VenomRAT検出：ScrubCryptを使用した新たなマルチステージ攻撃で悪意のあるプラグインと共に最終ペイロードを展開

サイバーセキュリティ研究者たちは、ScrubCryptアンチマルウェア回避ツールを利用して、VenomRATおよび悪意のあるプラグインを多数ドロップする、新たで洗練された多段階攻撃を明らかにしました。この中には悪名高い Remcos、XWorm、 NanoCore RAT、その他の悪意のあるストレインが含まれています。

ScrubCrypt経由で展開されるVenomRATを検知する

サイバー攻撃が増え、ますます高度な侵入方法が用いられるにつれ、サイバー防御者は、サイバー防御能力をスケールアップさせるために先進的なソリューションを必要としています。集合的サイバー防御のためのSOC Primeプラットフォームは、最新のTTPに対する振る舞いに基づく検知の世界最大のリポジトリを提供し、脅威の検知およびハンティングのための最先端技術を提供します。

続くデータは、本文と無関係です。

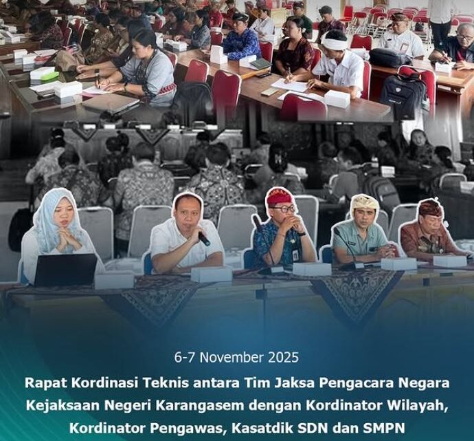 Pada hari Kamis dan Jumat, tanggal 6 dan 7 November 2025 bertempat di Aula Rapat Kantor Dinas Pendidikan Kepemudaan dan Olahraga telah dilaksanakan rapat koordinasi teknis antara Tim Jaksa Pengacara Negara Kejaksaan Negeri Karangasem dengan Koordinator Wilayah, Koordinator Pengawas, Kasatdik SDN dan SMPN se-Kabupaten Karangasem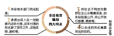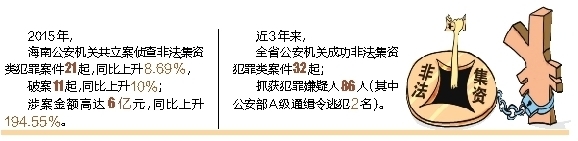 省公安厅经侦总队相关负责人介绍,近年来非法集资手段越来越多,令普通投资者防不胜防。不法分子往往成立合法公司,办理完备的手续,采取虚假宣传包装,选择一些热点的、国家政策扶持的投资项目和行业,虚构理财项目、许以高息等进行欺骗、诱惑,达到其非法集资的目的。(本报海口5月22日讯)

最新のScrubCryptキャンペーンに関連する悪意のある活動を特定するために、セキュリティ専門家はSOC Primeプラットフォームで利用可能な選定された検出スタックに頼ることができます。下の「Explore Detection」ボタンを押すだけで、28のSIEM、EDR、データレイク技術に対応した関連するSigmaルールリストにすぐに詳しく調べることができます。全ての検出はMITRE ATT&CKフレームワークv14.1にマッピングされ、特化した脅威インテリジェンスで強化されています。

検出を探索する

さらに、サイバーセキュリティの専門家は「VenomRAT」タグを使用して脅威検出マーケットプレイスを検索するか、 このリンク.

を使用して、VenomRAT攻撃に対処する検出コンテンツのセットを探索することができます

ScrubCryptアタックを通じて広がるVenomRATの攻撃解析 発表したレポート フィッシング攻撃の手法を利用して開始された新たな高度な攻撃キャンペーンを明らかにしました。ハッカーはScrubCryptフレームワークを用いて、多数のレイヤーの難読化および回避技術を使用する一連の他の悪意のあるプラグインとともにVenomRATペイロードを配布します。

感染チェーンは、悪意のあるSVGファイルを含むフィッシングメールによって引き起こされます。メール内の釣り添付ファイルをクリックすると、BatCloakユーティリティで難読化されたバッチファイルを含むZIPアーカイブのダウンロードが行われます。さらに、ハッカーはScrubCryptを適用して、感染したシステムにVenomRATやさらに有害なプラグインを拡散し、C2サーバとの接続を確立します。

ScrubCryptを通じて配布される最初のペイロードは、持続性を確立し、ターゲットのマルウェアを読み込むという2つの主な目的を果たします。改造された悪名高い Quasar RATの一迭ともいえるVenomRATは、2020年以降サイバー脅威の場に現れています。攻撃者はこれを用いて、影響を受けたシステムに不正にアクセスし、制御を奪取します。他のRATと同様に、VenomRATは攻撃者が被害者の認識や承認なしにリモートでデバイスを操作することを可能にし、さまざまな悪意のある活動を支援します。

加えて、ハッカーは、難読化されたVBSファイルを使用して NanoCore RAT を影響を受けたインスタンスに広げ、更にXWorm RATをドロップします。このマルウェアは、機密データの盗難やリモートアクセスを可能にすることができます。この攻撃キャンペーンで適用される第4のプラグインは悪名高い Remcos RATで、ウクライナを対象としたフィッシングキャンペーンで積極的に利用されています。攻撃者のツールキットからのもう一つのプラグインは、前述の難読化されたVBSスクリプト経由で配布されるだけでなく、SmartAssemblyで難読化された.NET実行ファイルに統合されているスティーラーです。このプラグインには、ユーザーの機密データを盗む意図でハードコードされた配列が含まれています。これにより、ユーザーのシステムを継続的に監視し、特定の暗号ウォレットに目をつけます。

持続性を維持し、検出を回避し、様々なペイロードを展開する能力を示す同様に洗練されたサイバー攻撃の出現が、侵入のリスクを最小化するための強力なサイバー防御対策の必要性を強めています。 SOC PrimeのAttack Detectiveを活用することにより、組織は自動化された検出スタックの検証を通じて、攻撃が行われる前に攻撃を未然に防ぐことができるサイバー防御を向上させることが可能です。